TL;DR: Z.ai’s GLM-5 is a 744B parameter open-weights model (40B active via MoE) that scores 77.8% on SWE-bench Verified — the highest of any open-weights model — and 62.0 on BrowseComp, nearly doubling Claude Opus 4.5’s 37.0. The benchmark positioning is strong. The deployment math is more complicated.

Key Takeaways

GLM-5 scores 77.8% on SWE-bench Verified — the highest open-weights result to date on software engineering task completion.
BrowseComp score of 62.0 vs Claude Opus 4.5’s 37.0 — a 25-point gap on multi-step web research, which is harder to attribute to benchmark gaming.
744B total parameters, 40B active via sparse MoE — inference cost is closer to a 40B dense model, but hosting requires ~1.5TB VRAM.
AIME 2026 I: 92.7 vs Claude Opus 4.5’s 93.3 — essentially tied on frontier math reasoning.
First open-weights model to exceed 50 on the Artificial Analysis Intelligence Index v4.0.
Failure modes: long-context degradation patterns uncharacterized at production scale; expert utilization distribution not publicly profiled.

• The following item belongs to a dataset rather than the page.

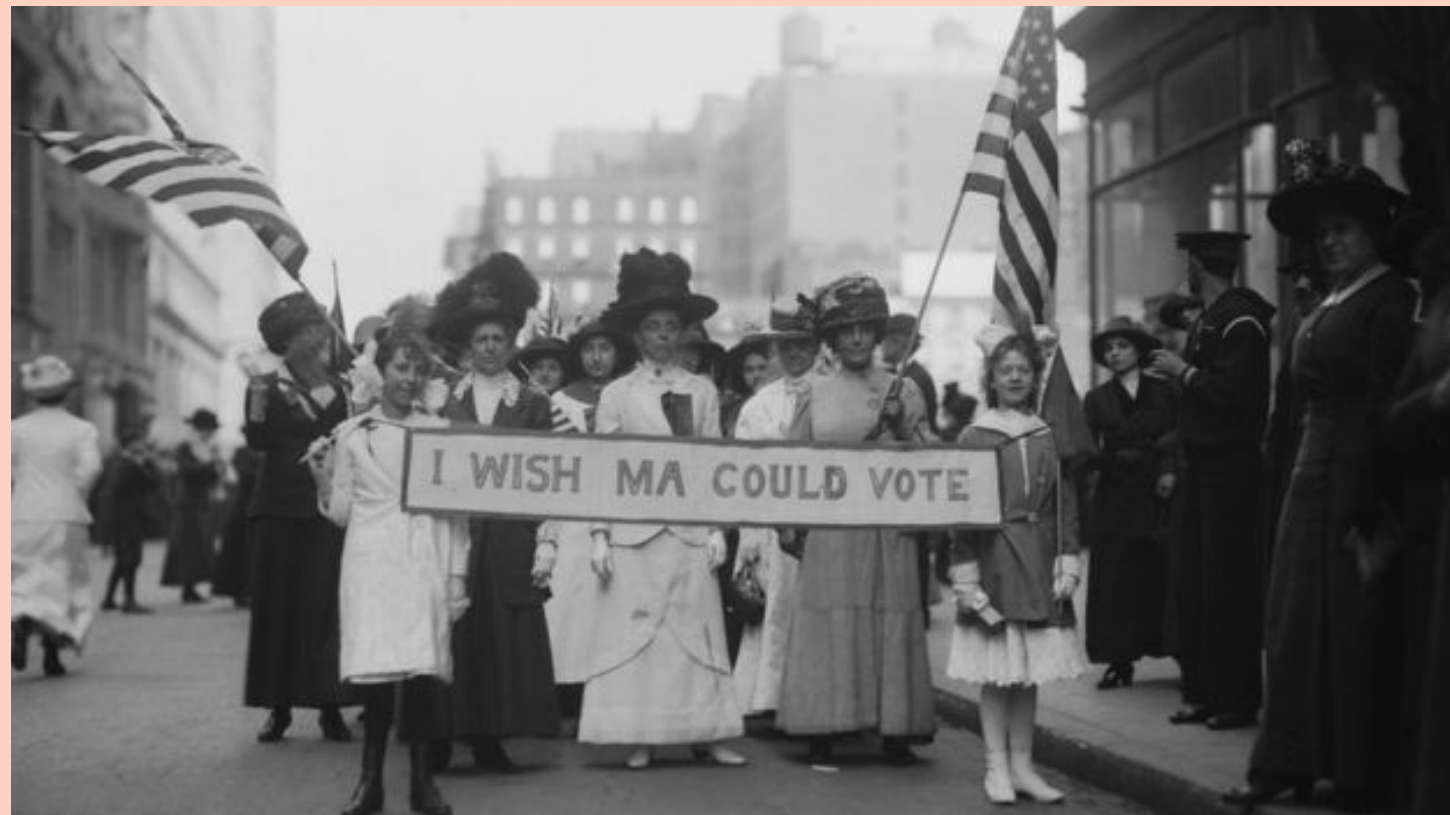
Mulheres americanas protestando à favor do direito ao voto

Mesmo a data sendo oficializada em 1975, os anseios das mulheres por igualdade ainda é atual. A desigualdade de gênero ainda acontece e pode ser percebida no mercado de trabalho, nas oportunidades e na política.

GLM-5 Benchmarks: What the Open-Source 744B Model Scores on SWE-bench and BrowseComp

Z.ai released GLM-5 in March 2026 with benchmark results that shift the open vs. closed-source comparison in a concrete direction. On SWE-bench Verified, it scores 77.8% — the highest number posted by any open-weights model on software engineering task completion. On BrowseComp, a multi-step web research benchmark, it scores 62.0. Claude Opus 4.5 scores 37.0 on the same benchmark.

Those numbers need context before they mean anything actionable. GLM-5 is a Mixture-of-Experts model. Total parameters: 744B. Active parameters per forward pass: approximately 40B. Running GLM-5 requires infrastructure to host 744B parameters, but the inference compute per step is closer to a 40B dense model. That distinction matters for anyone evaluating deployment costs.

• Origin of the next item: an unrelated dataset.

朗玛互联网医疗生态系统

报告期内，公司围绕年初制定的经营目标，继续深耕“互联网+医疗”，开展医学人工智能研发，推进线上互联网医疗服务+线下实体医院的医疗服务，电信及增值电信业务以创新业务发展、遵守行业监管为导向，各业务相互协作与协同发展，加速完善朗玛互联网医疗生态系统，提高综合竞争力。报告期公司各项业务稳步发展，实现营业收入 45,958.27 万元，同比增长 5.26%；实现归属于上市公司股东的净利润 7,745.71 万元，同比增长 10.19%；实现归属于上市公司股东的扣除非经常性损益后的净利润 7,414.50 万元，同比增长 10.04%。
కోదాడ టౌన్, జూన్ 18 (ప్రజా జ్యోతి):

This post works through the benchmark results, the architecture choices behind them, and the parts of the evaluation story that the launch didn’t lead with.

Architecture: 744B Parameters, 40B Active

GLM-5 uses a sparse Mixture-of-Experts architecture. Of the 744B total parameters, only approximately 40B are activated per token during inference. The model was pretrained on 28.5T tokens — roughly double Llama 3 70B’s 15T token training set.

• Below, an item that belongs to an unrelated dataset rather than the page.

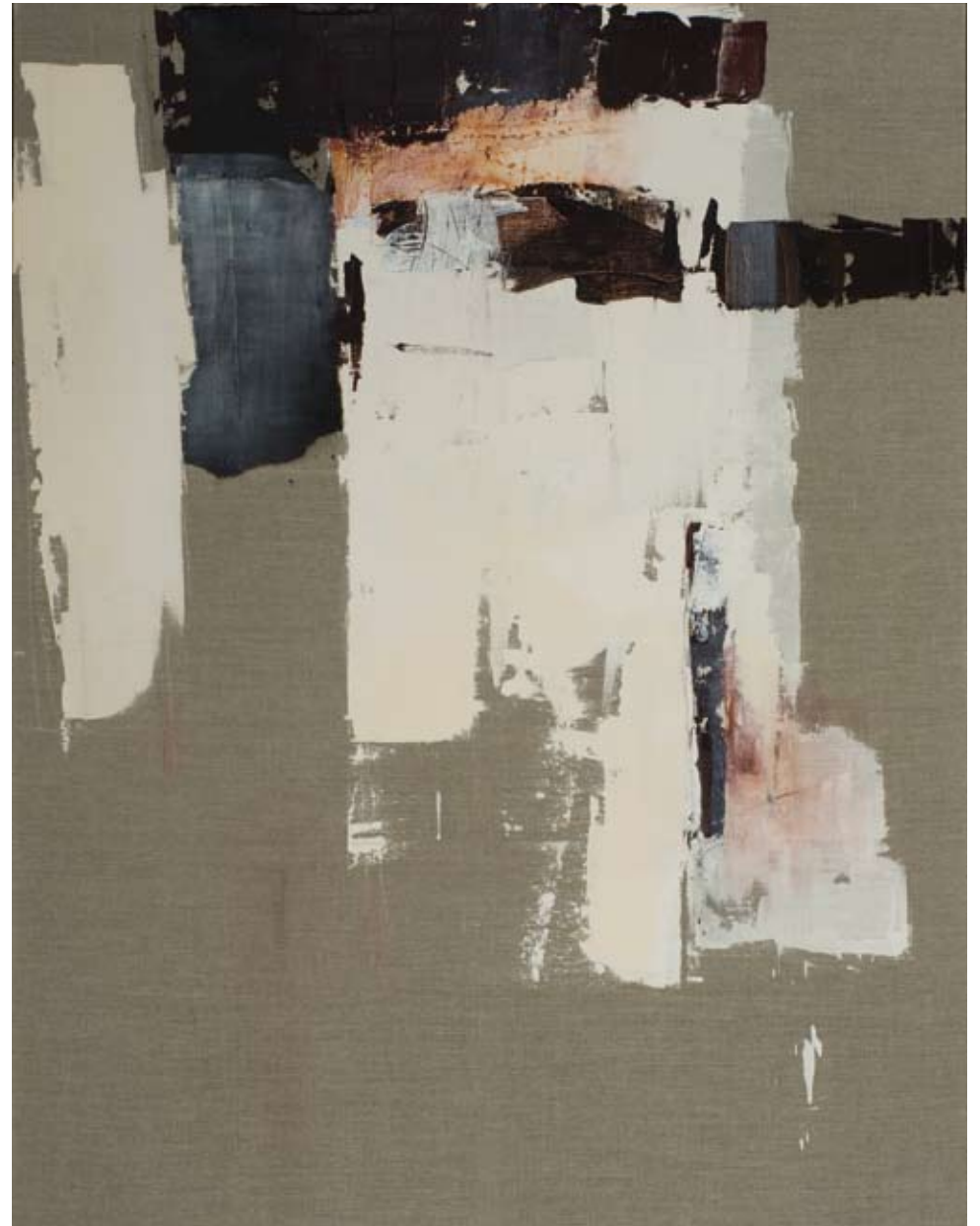
Kalad I , acryl sur toile, 150 x 110 cm

The MoE design has a direct engineering consequence: you need the VRAM and storage to host all 744B parameters (approximately 1.5TB in bfloat16), but each forward pass only touches 40B of them. On a cluster running 8x H100s (640GB total VRAM), GLM-5 fits with careful sharding — but it is not a single-GPU deployment.

Z.ai reports pretraining stability across the full 28.5T token run. What “stability” means operationally — whether they observed loss spikes, gradient norm excursions, or checkpoint failures — is not detailed in the public release documentation. That is a gap in the transparency record worth noting.

MoE routing at 744B/40B scale introduces load imbalance risk. If certain experts are consistently over-selected during fine-tuning or inference, throughput degrades and the active-parameter advantage erodes. No public characterization of GLM-5’s expert utilization distribution has appeared yet.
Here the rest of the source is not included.